The two least developed regions in terms of acceptance, Asia-Pacific and central and eastern Europe, were also those which grew the fastest, driven in part by new regulations. For example, in India the government has placed caps on terminal charges and has also put pressure on banks – many of which are state-owned – to increase efforts to recruit merchants. In Czechia, merchants are now required to keep electronic records of sales, and accepting cards at EFTPOS terminals allows them to do so efficiently.

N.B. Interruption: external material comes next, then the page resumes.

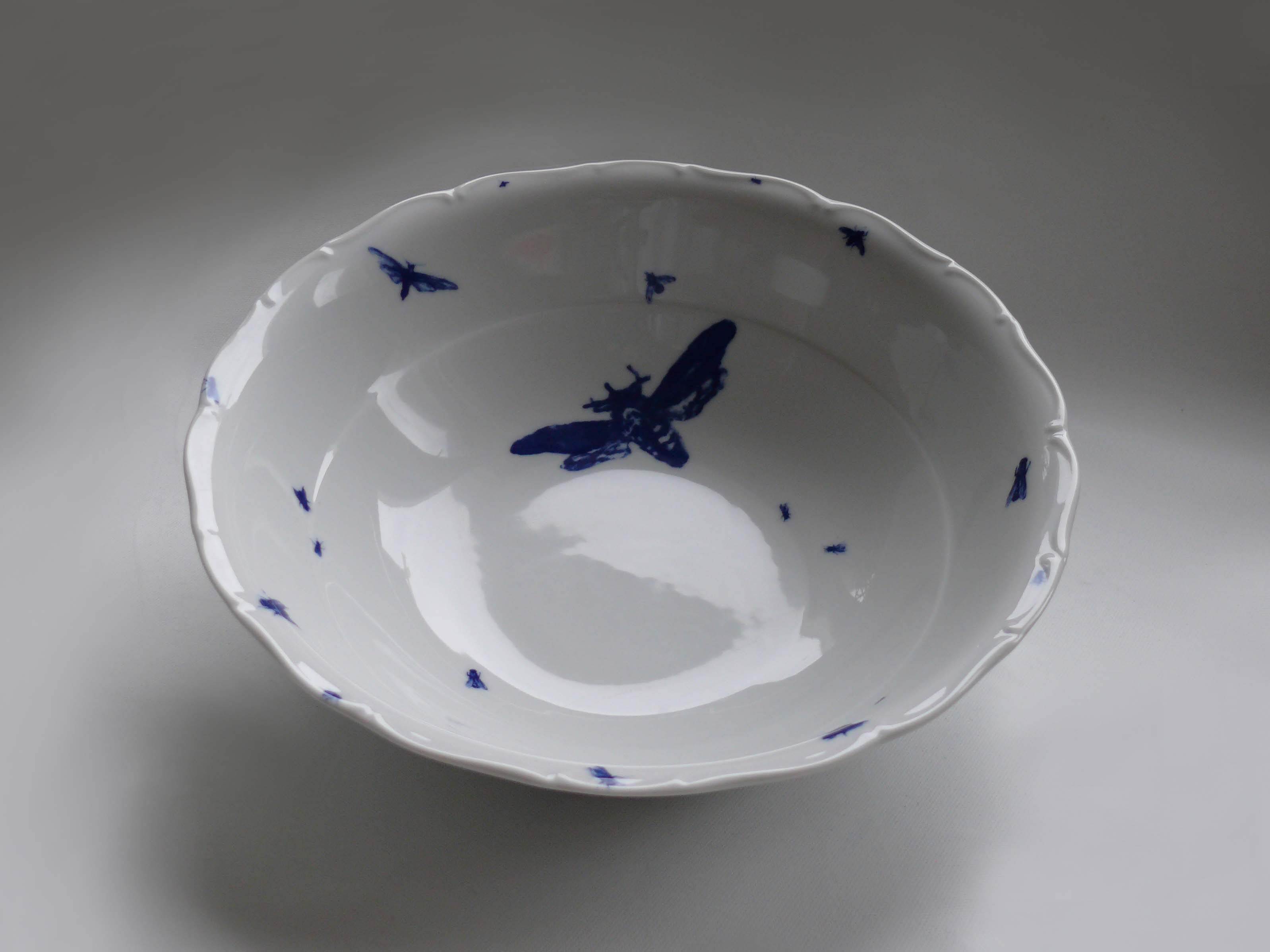Autorská salátová porcelánová mísa TEMPORE MORTUUS. Kobaltový dekor pod glazurou. Lze mýt v myčce. Rozměr: ø 26,5 cm. Hmyzí mísa – skvělý a originální designový dárek pro vaše blízké.

Regulations on interchange fees are also having a knock-on effect on merchant service charges. As the fees which acquirers have to pay to issuers fall, merchants are more confident about refusing to pay higher fees themselves. This then encourages merchants to begin accepting cards when they were previously reluctant. This is most commonly the case in the European Union, where interchange fees were capped in 2015. It also applies in Brazil, where a cap on debit card interchange fees was announced in March 2018, and in Malaysia, where interchange fees have been capped since 2015 as part of the country’s Payment Card Reform Framework.

Financial inclusion initiatives and tourism drive acceptance

The number of outlets which accept cards is forecast to grow at an average of 8 percent per year between the end of 2017 and the end of 2023 to reach 111.7 million, according to RBR. There is potential for significant growth in some markets in Asia-Pacific, central and eastern Europe and the Middle East and Africa, as ongoing financial inclusion initiatives are boosting card issuance, thereby encouraging acceptance. Tourism can also be a significant driver of growth in acceptance; Japan is a prime example, where the 2020 Tokyo Olympics is driving the government to facilitate tourist spending.

Despite these measures, it should be noted that in many developing markets, acceptance is still held back by a lack of infrastructure or the geography of the country, for instance when it is made up of a large number of islands or has large remote, rural areas. Examples of this are Indonesia and the Philippines.

Daniel Dawson, who led the RBR study said: “Merchants across the world are being persuaded of the benefits of accepting cards, even for low-value payments. As consumers increasingly expect to be able to pay by card, the number of outlets where they can do so will continue to grow”.